Frage: Herr Steuber, Sie haben in den 70er Jahren im Sozialamt gearbeitet, sie leiteten seit 1997 den damals neu gegründeten Fachbereich Jugend und Soziales. Hagen hat seitdem viele Einwohner verloren, die Verschuldung ist gestiegen, die sozialen Herausforderungen sind gewachsen. Ihr Fazit: Ist seitdem alles schlechter geworden?

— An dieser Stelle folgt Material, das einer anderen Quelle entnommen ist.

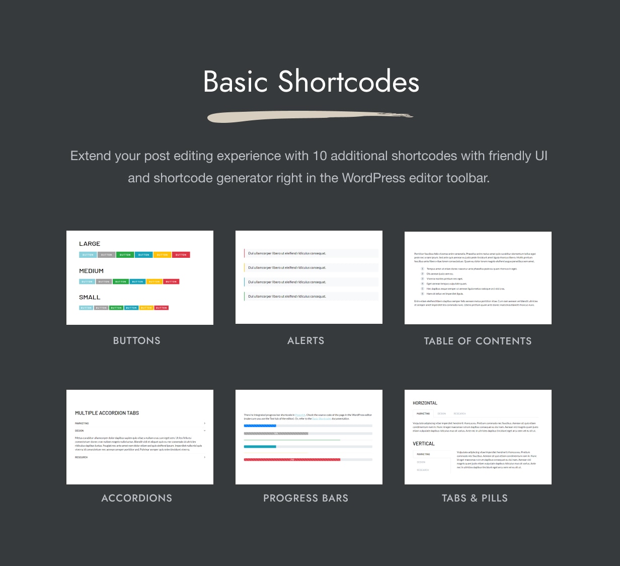 Extend your post editing experience with 10 additional shortcodes with friendly UI and shortcode generator right in the WordPress editor toolbar: vertical and horizontal tabs and pills, accordions, separators, buttons, progress bars and others.
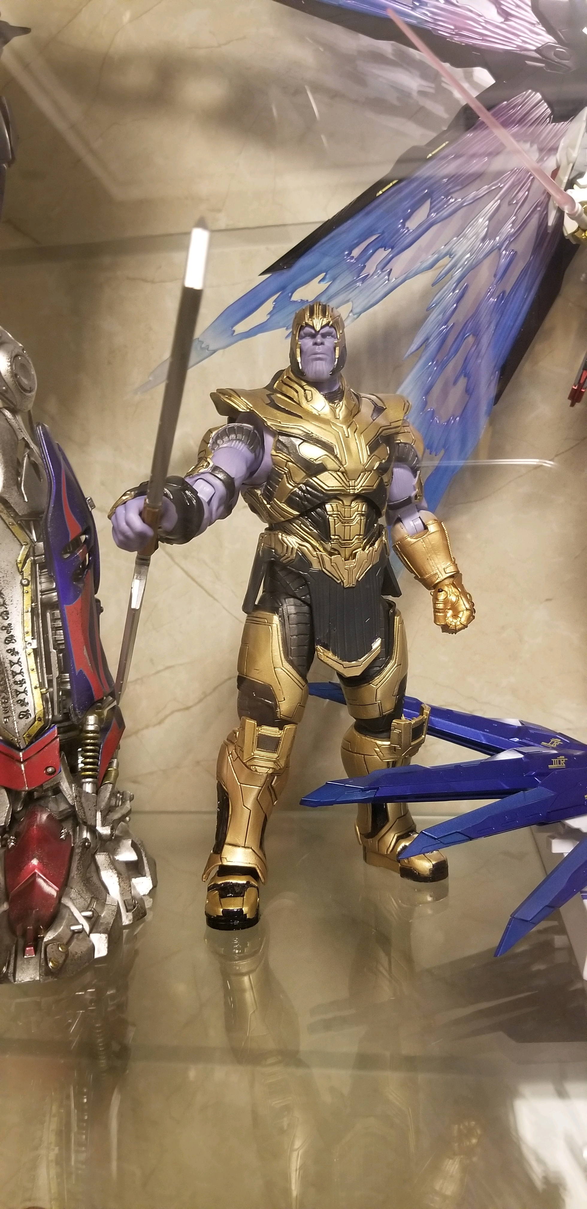 我感觉吧离几米外看区别不大,但是这灭霸拿着在眼前看,还是得正版shf好一些,国产的我放到现在虽然没松,但是头雕确实差那么点意思,而且铠甲不如shf正版精致
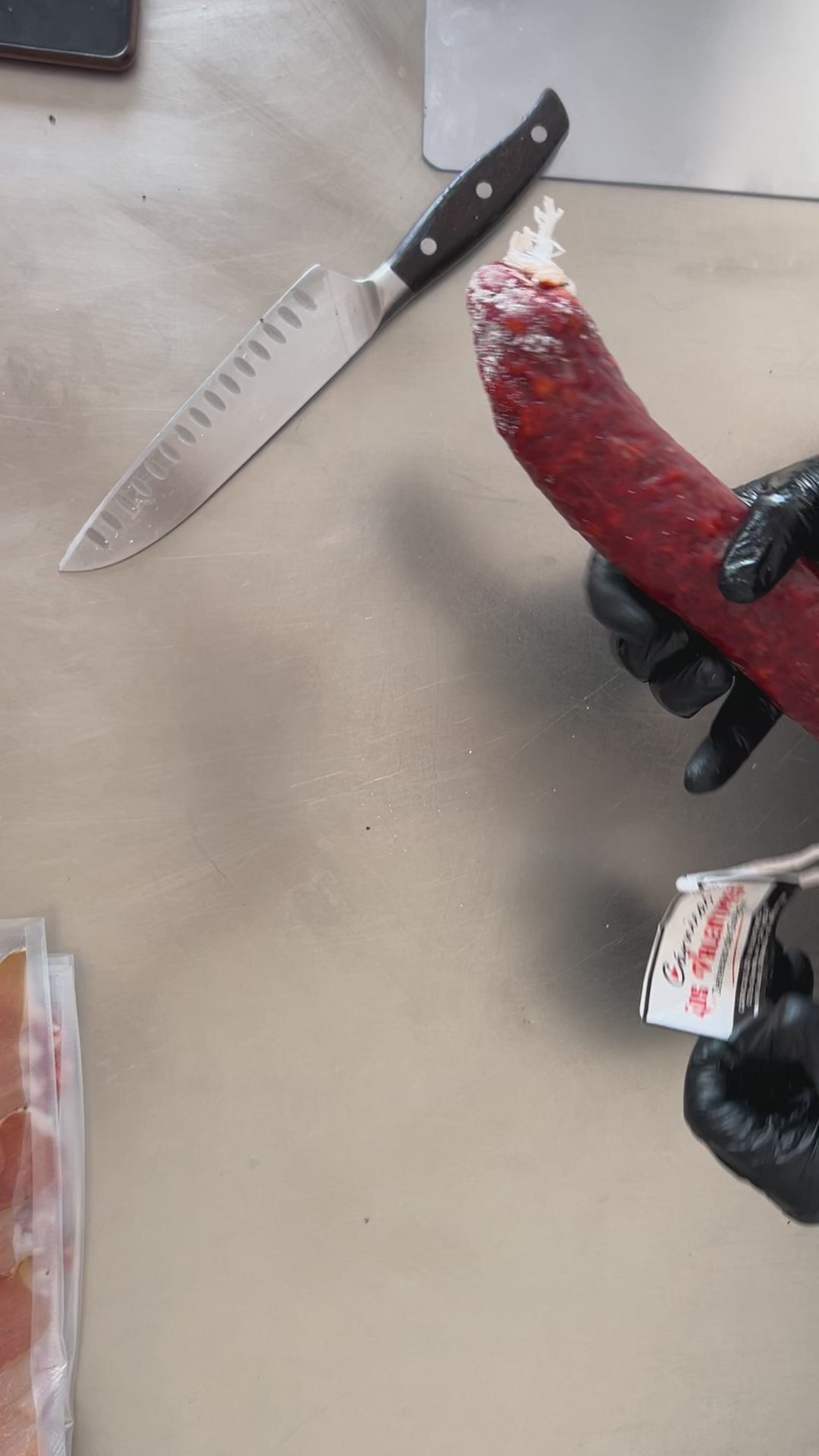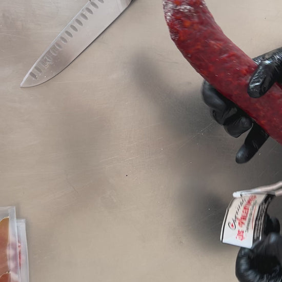 Sweet country chorizo is a traditional cured sausage made with pork and spices. It is characterized by its sweet flavor and its ready-to-eat candle-shaped presentation. It stands out from other chorizos due to its texture, aroma, and unique combination of spices, making it a popular choice for appetizers or as a side dish. Price based on final weight. Tell us how much you want and we'll prepare it. Payment is made in store. Price per kilo: 13.60.
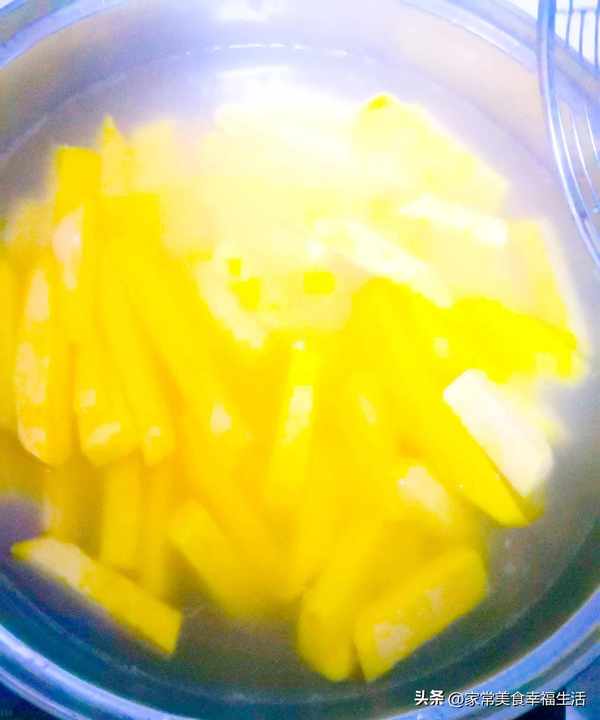 做法:1、红薯洗净去皮去蒂,切成一厘米厚的片,再切成一厘米宽的条,我觉得我切的有点厚,切好后,倒入开水锅中煮开捞出,放入凉水中过凉,捞出控水后放入盆中。
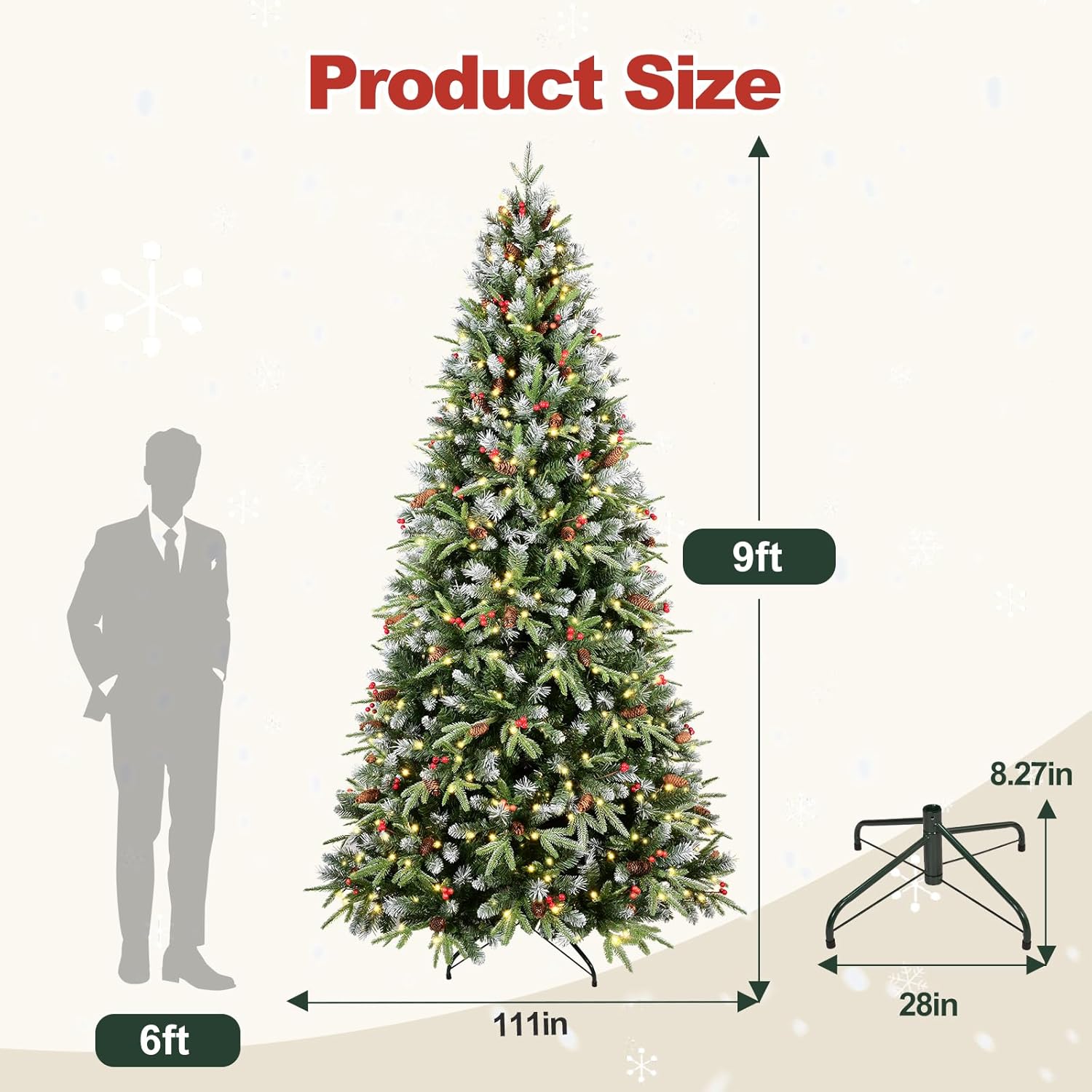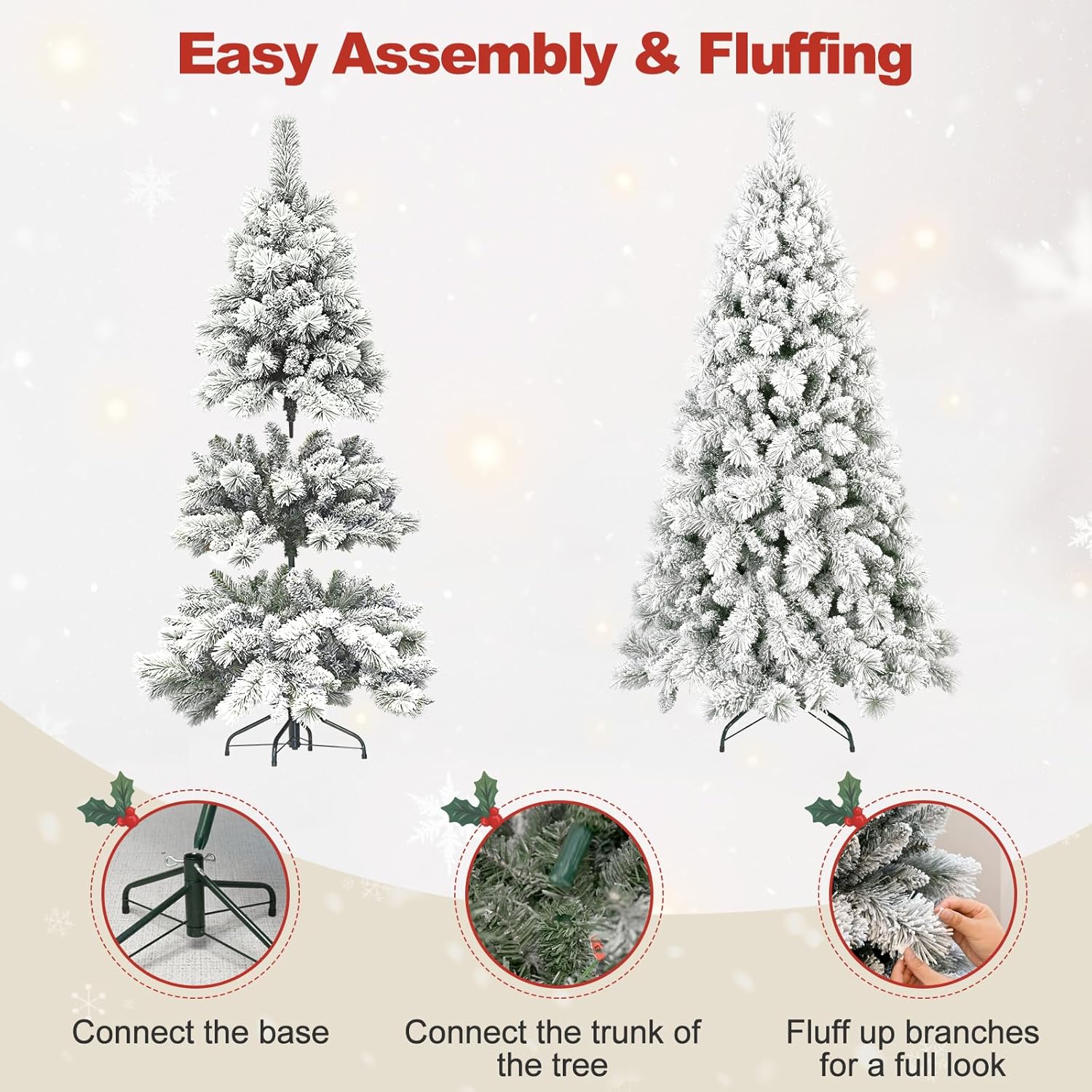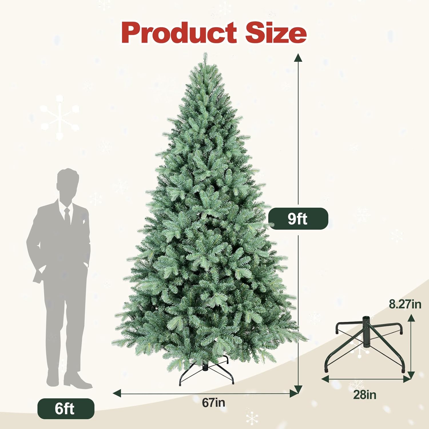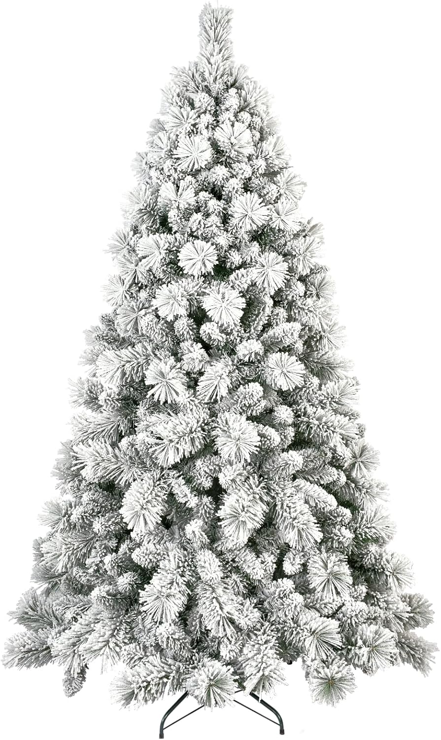 - 【The right one is the best】this Snow frosted christmas tree is available in 4ft/5ft/6ft/7ft/7.5ft/8ft/9ft for your selection. You no longer need to worry about picking the right tree for a low or high ceiling, a small room or a spacious hall. Therefore, we believe that our Christmas trees will be the most suitable choice for you to decorate a great holiday season!

Steuber: Nein, ganz sicherlich nicht. Viele gesetzliche Neuregelungen sind hinzugekommen. Die Bürger haben heute viel differenziertere Ansprüche auf soziale Leistungen. Ich finde, Hagen kann stolz darauf sein, die erheblichen gesellschaftlichen Veränderungen der letzten Jahrzehnte, insbesondere den Verlust vieler industrieller Arbeitsplätze und die Aufnahme und Integration vieler Aussiedler, Flüchtlinge und Migranten, gemeistert zu haben. Der soziale Frieden ist erhalten. Wir haben früher mehr den Schwerpunkt darauf gelegt, Menschen mit sozialen Transferleistungen zu versorgen. Heute wird mehr Energie darauf verwendet, präventiv zu wirken.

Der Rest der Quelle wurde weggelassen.